ピアノレッスンの日々

 

01/05/26
僕はホロヴィッツって大好きなわけじゃなくて、すごく良いのもあれば、悲惨な録音もあると思ってます。最近は古い録音などを聴いているのですが、やはり1960年以前の演奏は圧倒的にすごいです。素晴らしいとか、素敵とか言う以前になんかもうとにかくすごい、って感じなの。音符が3倍くらい増えてる箇所もある「展覧会の絵」とか、やはり彼自身が編曲した「星条旗よ永遠なれ」とか聴くと、もう圧倒されちゃうのね。この人いったい何者よ?みたいな。狂気をちらつかせつつ一歩手前で踏みとどまる演奏で、どうしようもなく魅力的っす。

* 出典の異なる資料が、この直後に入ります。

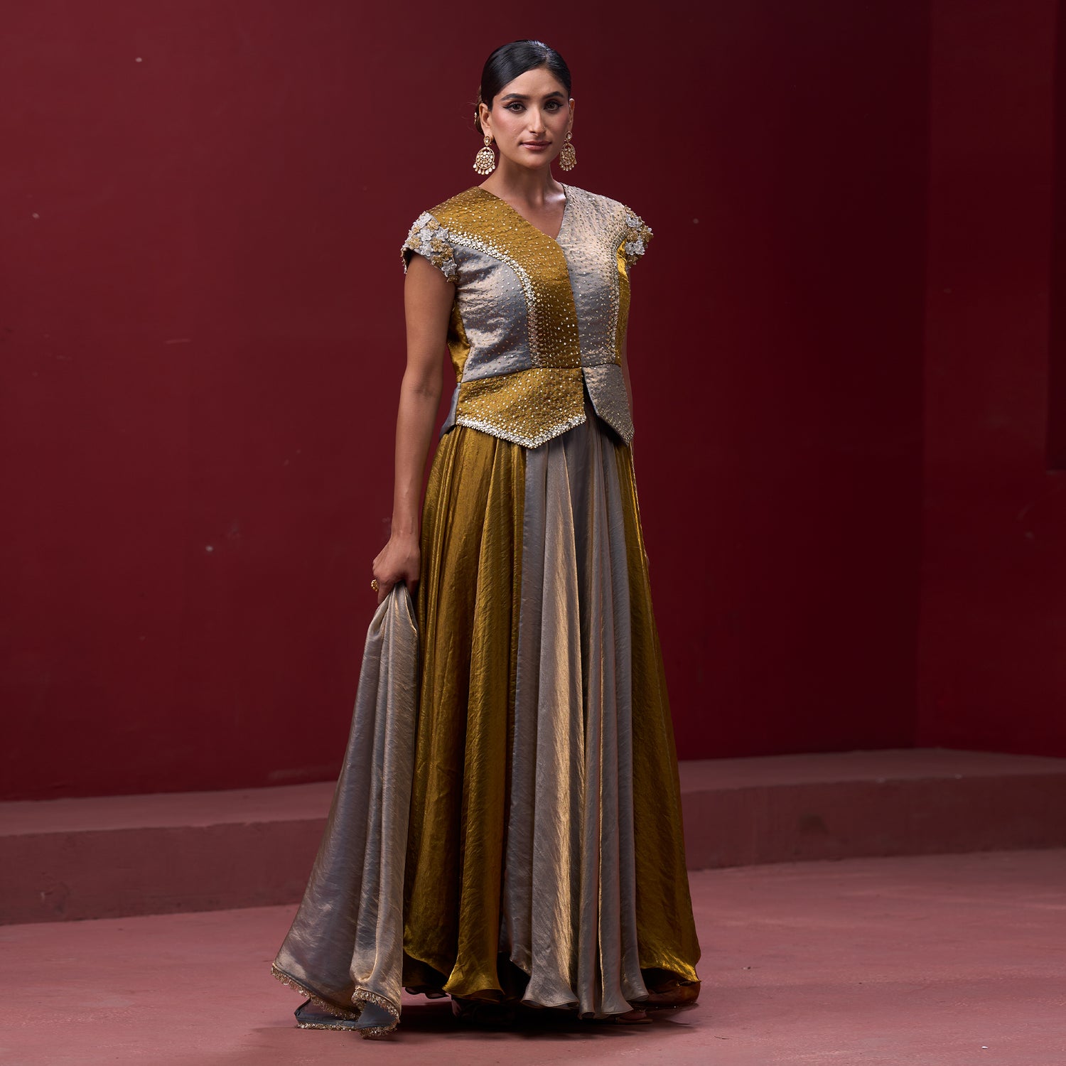 Drape Golden & Silver Skirt with Embellished Top and Dupatta

キーシンもポリーニも本当に素晴らしかったのですが、彼らは常人なわけで、ホロヴィッツのような狂気は感じられないです。アルゲリッチなんかは似たような雰囲気があるので、一度生で聴いてみたいのですが。
01/05/07
自分でもリストのソナタを弾いてみる日々。ただし難しい箇所は弾けないので、第2主題とかを中心に(笑)。弾いてみるとわかるのですが、すごく美しい曲です。リストのイメージとは違う部分が多いですね。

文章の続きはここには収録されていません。